Up until the 19th century, there was almost no precedent for nationalist autocephaly. With the exceptions of tGeorgia and Russia, both of which had a more historical basis, modern national autocephaly was far more often extracted unwillingly from Constantinople by the newly founded nations that rose in the wake of the collapse of the Ottoman Empire. As I wrote in my last post, it sometimes took decades for Constantinople to recognise these new churches; it certainly wasn't something that was willingly granted to an offspring church - though that did occasionally happen.

What's happening in Ukraine now is a 21st-century repetition of what happened to Constantinople in the Balkans; though with a dash of modern power politics over whether functional leadership of Orthodoxy should be exercised by the traditional primus inter pares or the Patriarch who leads the demographically largest constituent church.

It makes sense that we don't have a precedent for it since modern nationalism didn't really start forming until like the...18th century?
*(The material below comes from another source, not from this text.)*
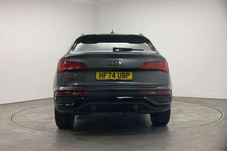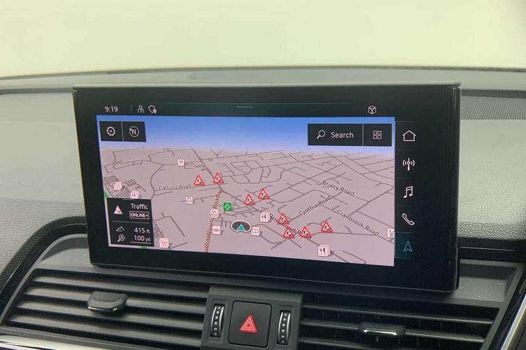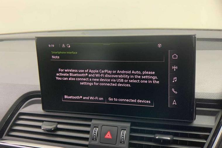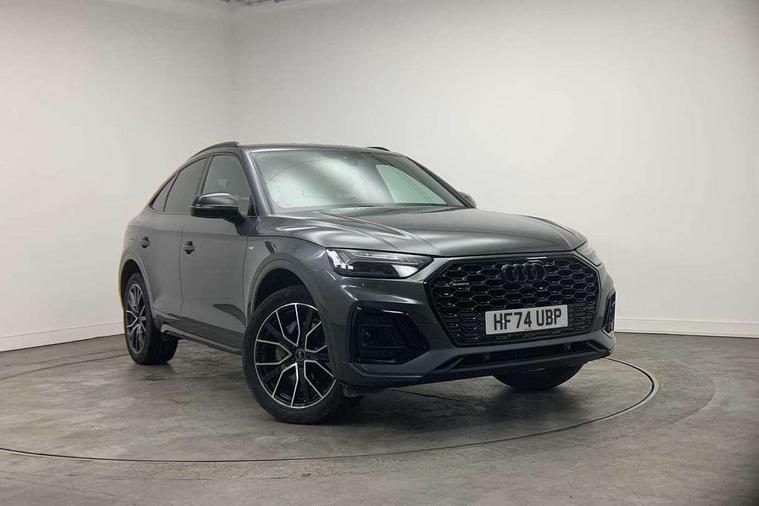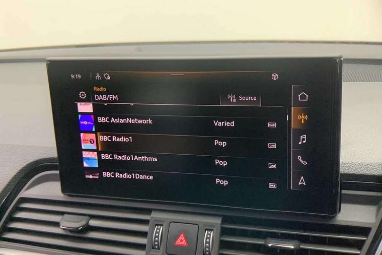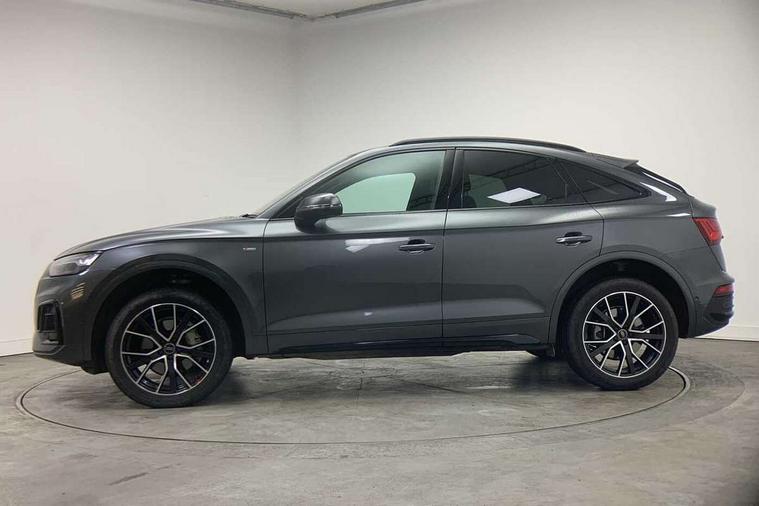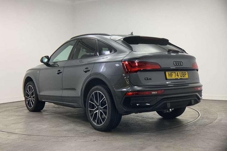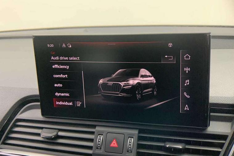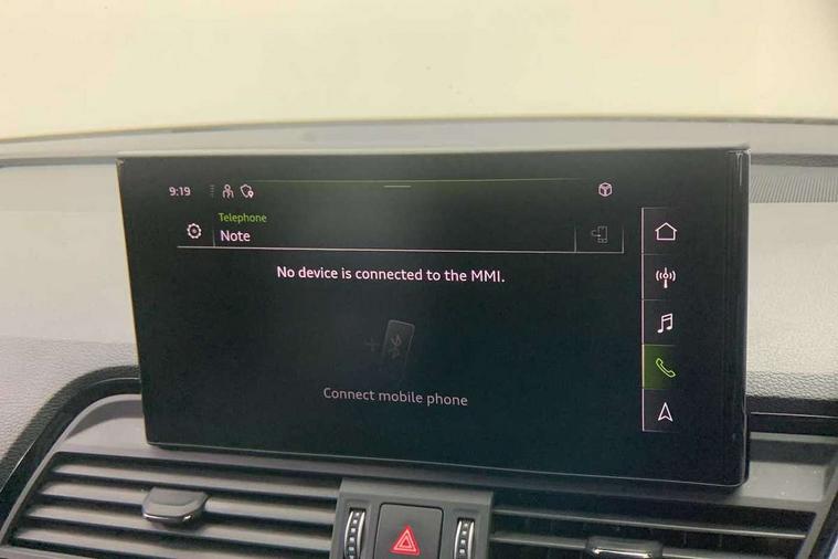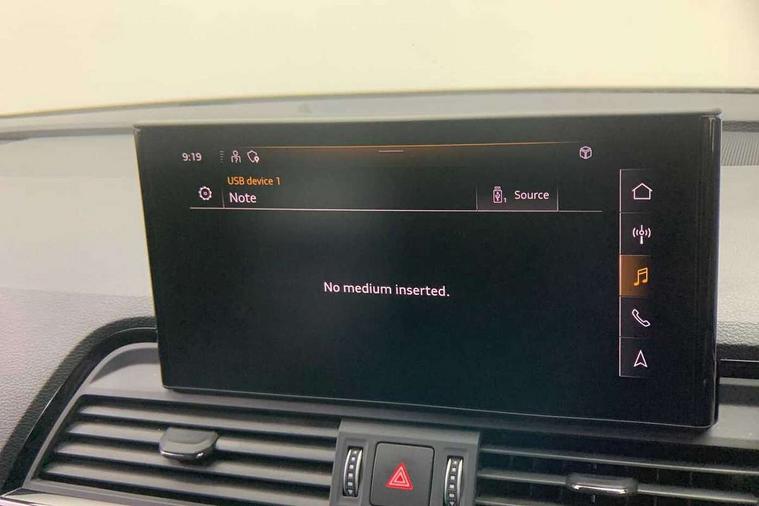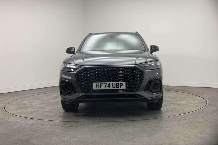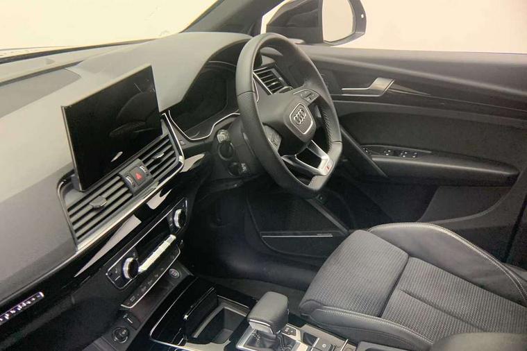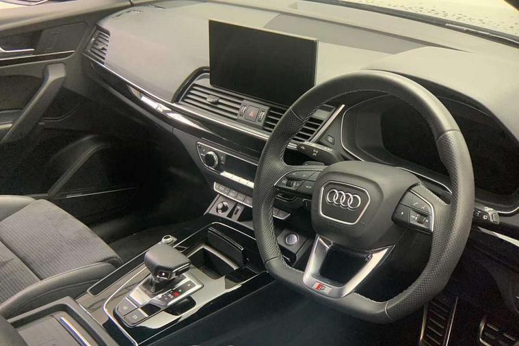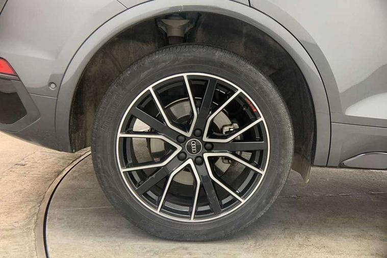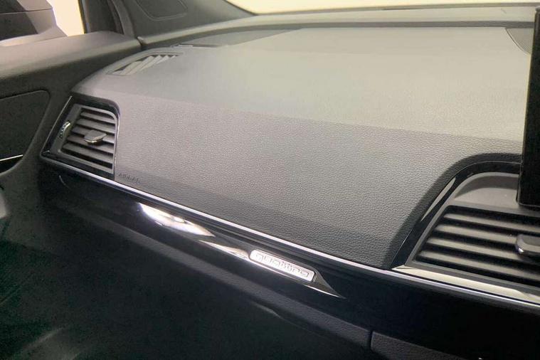 Acoustic front and rear parking sensor, Audi connect safety and service (e-call), Audi drive select, Audi virtual cockpit plus with 12.3" screen and three different layout designs, Audi wireless smartphone interface, Automatic start-stop system with coasting functionality and efficiency programme, Bluetooth interface, Camera based traffic sign recognition, Electro - mechanical power assisted steering, Lane departure warning, MMI navigation plus with 10.1" touch screen, Power tailgate, Reversing camera, Service interval indicator, Voice control system with Audi hotword activation "Hey Audi", Diesel particulate filter, Quattro on demand, S line sports suspension, 2 x USB charging port with aux input socket, 8 loudspeakers, DAB Digital radio, Acoustic windscreen, Auto dimming door mirrors, Auto dimming frameless rear view mirror, Automatic headlight adjustment, Automatic headlights and windscreen wipers, Black roof rails, Black styling with black rings, Body colour bumpers, Body colour rear diffuser with matt aluminium silver surrounds, Body colour underbody protection, Chrome plated exhaust trims, Daytime running lights, Door sills in Selenite silver, Electric adjustable/heated/folding door mirrors, Front air inlet surrounds in aluminium, Front and rear electric windows, Front radiator grille in honeycomb design, LED 3rd brake light, LED headlights and LED tail lights, Loading edge protection in stainless steel, Lower bumpers painted in contrast Manhattan grey, Rear chrome trim strip below lights, Rear privacy glass and rear side windows, Rear side wing doors, Rear wiper, Roof bars, S Line badges on the front wing panels, S Line front and rear bumpers, S Line rear spoiler, S Line side skirts, 3 rear headrests, Black cloth headlining, Comfort front centre armrest, Contrast stitching on seats, steering wheel and gear lever gaiter, Deluxe 3 zone electronic climate control, Front head restraints, Front sport seats with S embossed logo, Front/rear floor mats, Gear lever in black leather, Heated front seats, Height/reach adjustable steering column, Illuminated door sill trims with S logo, Luggage compartment cover, Manual seat adjustment with 4-way electric lumbar support, Single front passenger seat, Stainless steel pedals, Sunvisors with vanity mirrors, Top surface of the rear centre armrest in artificial leather, High gloss pack - Q5, LED interior light pack - Q5, 3 point seatbelts on all seats, 6 airbags - Driver, front passenger, curtain and side airbags, Attention and drowsiness assist, Electrically operated child locks on rear doors, Electromechanical parking brake, Electronic stabilisation control including ABS, ASR and EDL, First aid kit with warning triangle and vests, Front passenger airbag deactivation, Hill descent control, Hill hold assist, ISOFIX child seat mounting for front passenger seat and ISOFIX child seat mounting with Top Tether for outer rear seats, Multi collision brake assist, Pop-up bonnet for pedestrian protection, Pre sense city, Seatbelt monitoring, Tyre pressure warning, Anti theft alarm, Anti-theft wheel bolts, Remote central locking, Remote control key with SAFELOCK and keyless go, Air vents inserts and centre console in gloss black, Tool kit, Tyre repair kit,

PostPosted: Sun Jan 13, 2019 8:39 pm
by Bienenhalde
Salus Maior wrote:
Stonok wrote:Can someone explain the Ukrainian Orthodox Church's schism to me? Is it purely rooted in Ukrainian-Russian politics or is there really a Christian justification for it?


It's politics.

Ukrainian Nationalists want an autocephalous church of their own, so they split from the Russian Patriarchate (illegally, honestly).


To me it seems unfair that canon law would allow the Russian Patriarch to unilaterally block Ukraine from gaining autocephaly. Besides, now that it is formally recognized by Constantinople, I would say that the new Orthodox Church in Ukraine is at least partially legitimate.